DIRECTIONS FOR THIS TASK
Leave out all pictures while you copy the lines exactly from the one with "Business License Landlord" through the last line of the listing.

MATERIAL PROVIDED
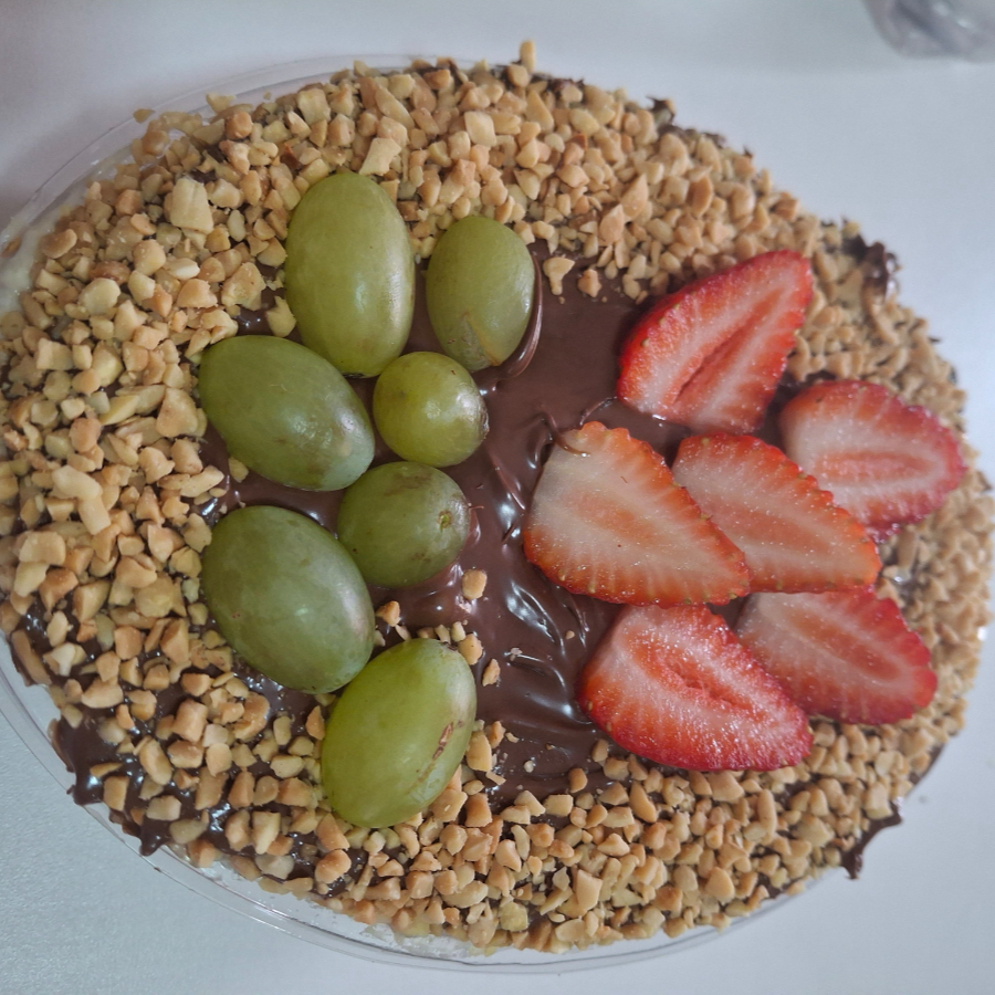 Brigadeiro branco, uva, morango, nutella e amendoim
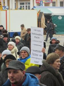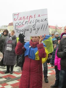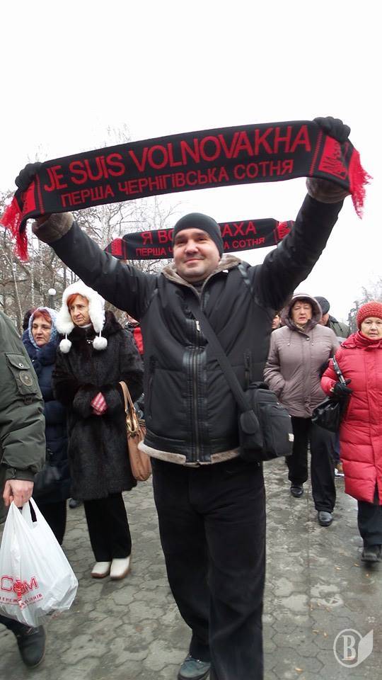 Черниговцы вышли с плакатами «Путин-убийца», «Я – Воловаха» на украинском и французском языках"Россия - спонсор терроризма","Агрессора Путина - в международный суд", Путин -спонсор терроризма!".
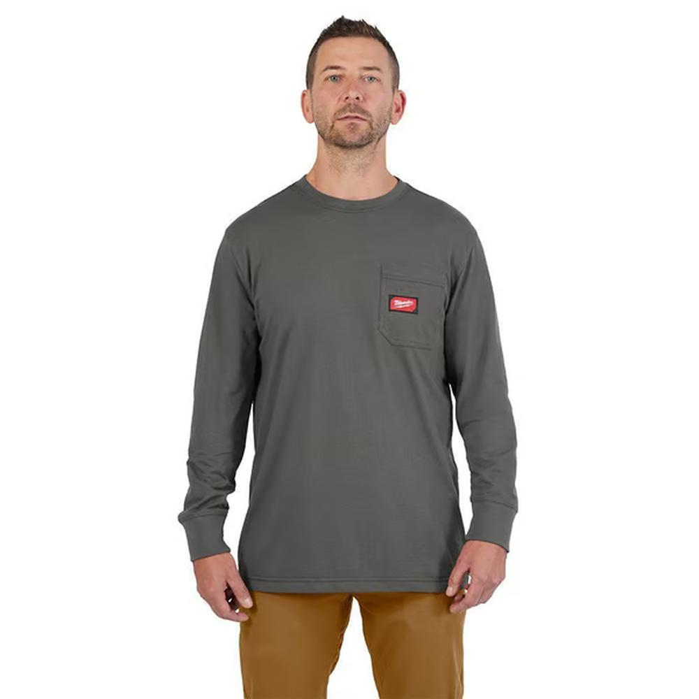 Milwaukee GRIDIRON Long Sleeve Pocket T-Shirt - Gray, Medium
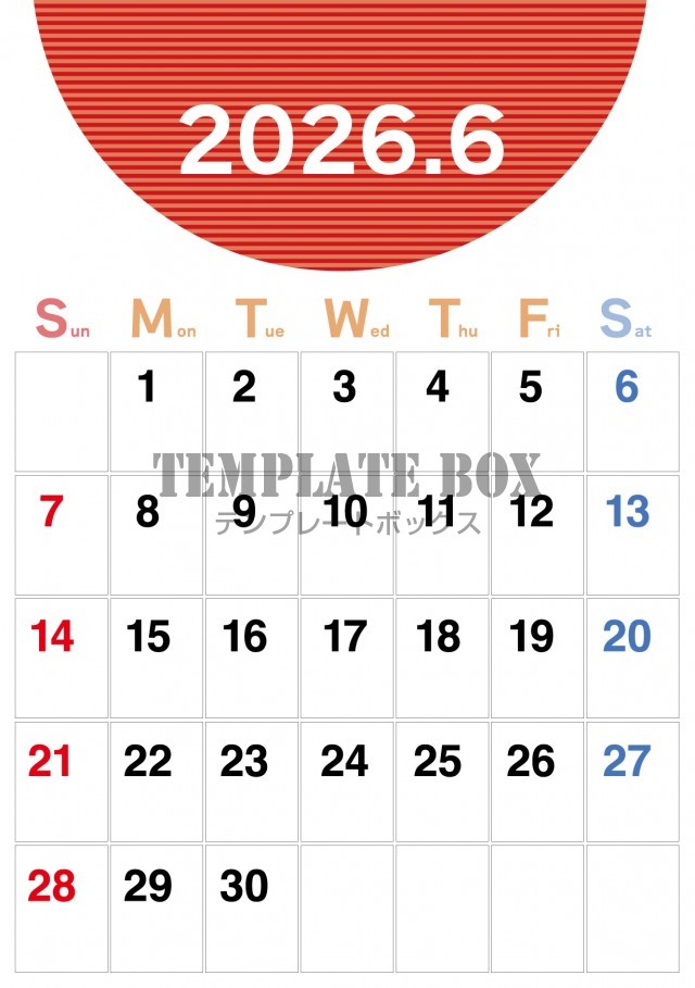 無料テンプレート:2026年6月カレンダー:縦型みやすいカレンダー
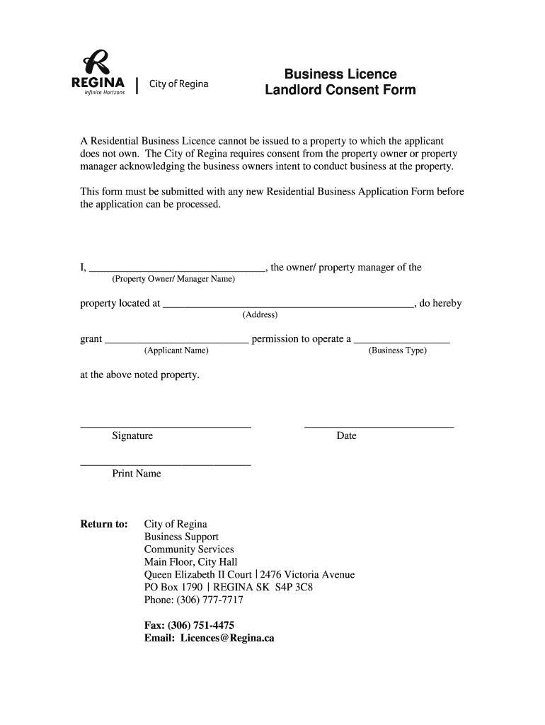 Business License Landlord Consent Form A Residential Business License cannot be issued to a property to which the applicant does not own. The City of Regina requires consent from the property owner
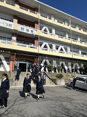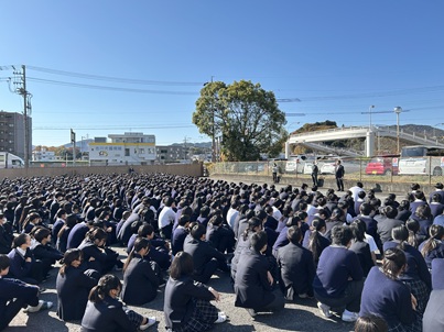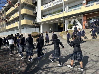 今回は、通常の避難経路の一部が(建物の崩落などにより)通行できない事態を想定し、別の経路を通って校舎外に避難する訓練となりました。慣れない経路を通っての避難であったため、全員が避難完了し点呼を終えるまでの時間は通常よりもかかってしましましたが、私語なく粛々と訓練に取り組む姿が見られました。
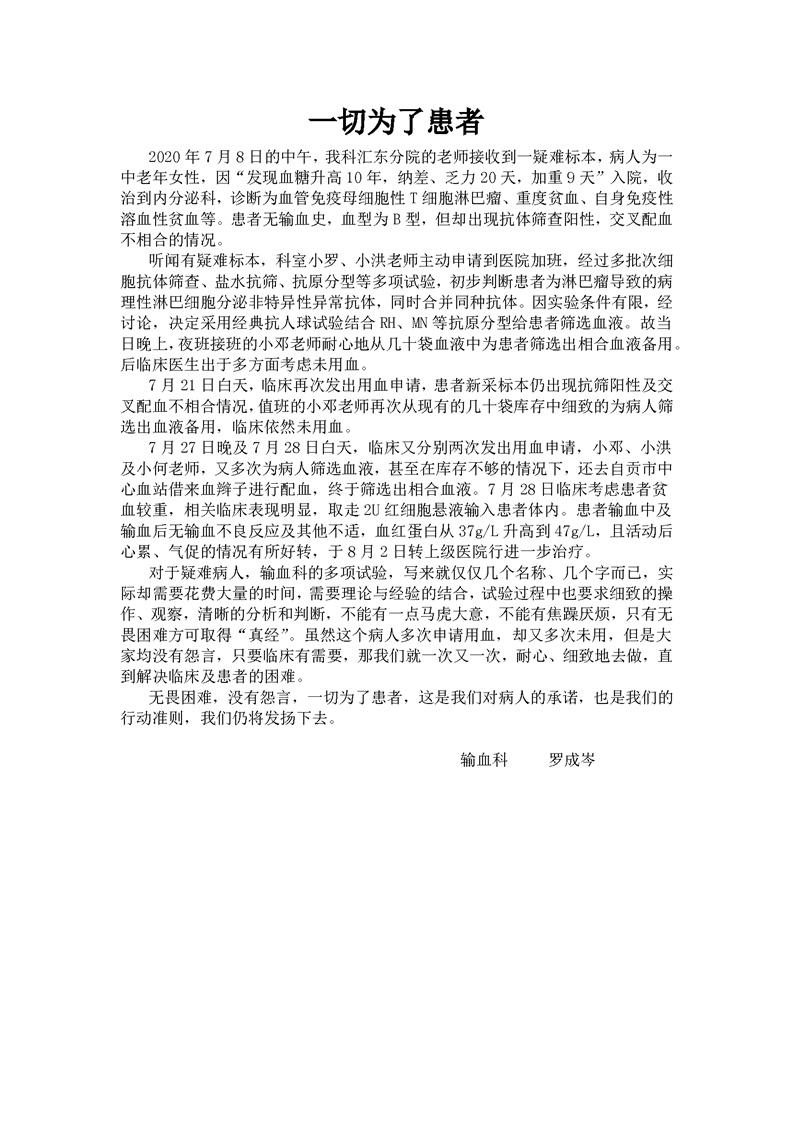一切为了患者
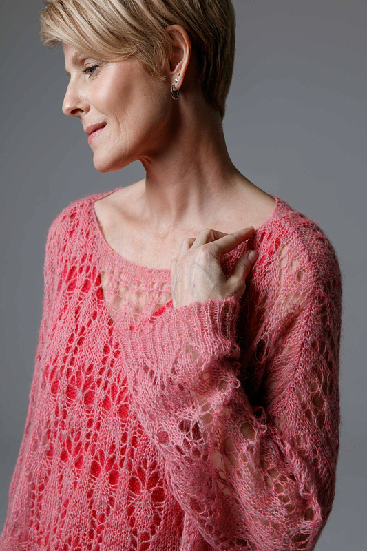 Легкий вязаный джемпер - паутинка расслабленного прямого силуэта, полупрозрачной текстуры с ажурным узором. С длинным рукавом и горловиной – лодочка, которая позволяет стилизовать изделие поверх рубашки или водолазки. Выполнен из итальянской пряжи меланжированного мягкого мохера.
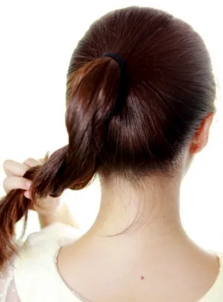 步骤二:将头发扎成你一个马尾,将马尾扭成发辫。

THE ANSWER
 Business License Landlord Consent Form A Residential Business License cannot be issued to a property to which the applicant does not own. The City of Regina requires consent from the property owner
 今回は、通常の避難経路の一部が(建物の崩落などにより)通行できない事態を想定し、別の経路を通って校舎外に避難する訓練となりました。慣れない経路を通っての避難であったため、全員が避難完了し点呼を終えるまでの時間は通常よりもかかってしましましたが、私語なく粛々と訓練に取り組む姿が見られました。
一切为了患者
 Легкий вязаный джемпер - паутинка расслабленного прямого силуэта, полупрозрачной текстуры с ажурным узором. С длинным рукавом и горловиной – лодочка, которая позволяет стилизовать изделие поверх рубашки или водолазки. Выполнен из итальянской пряжи меланжированного мягкого мохера.
 步骤二:将头发扎成你一个马尾,将马尾扭成发辫。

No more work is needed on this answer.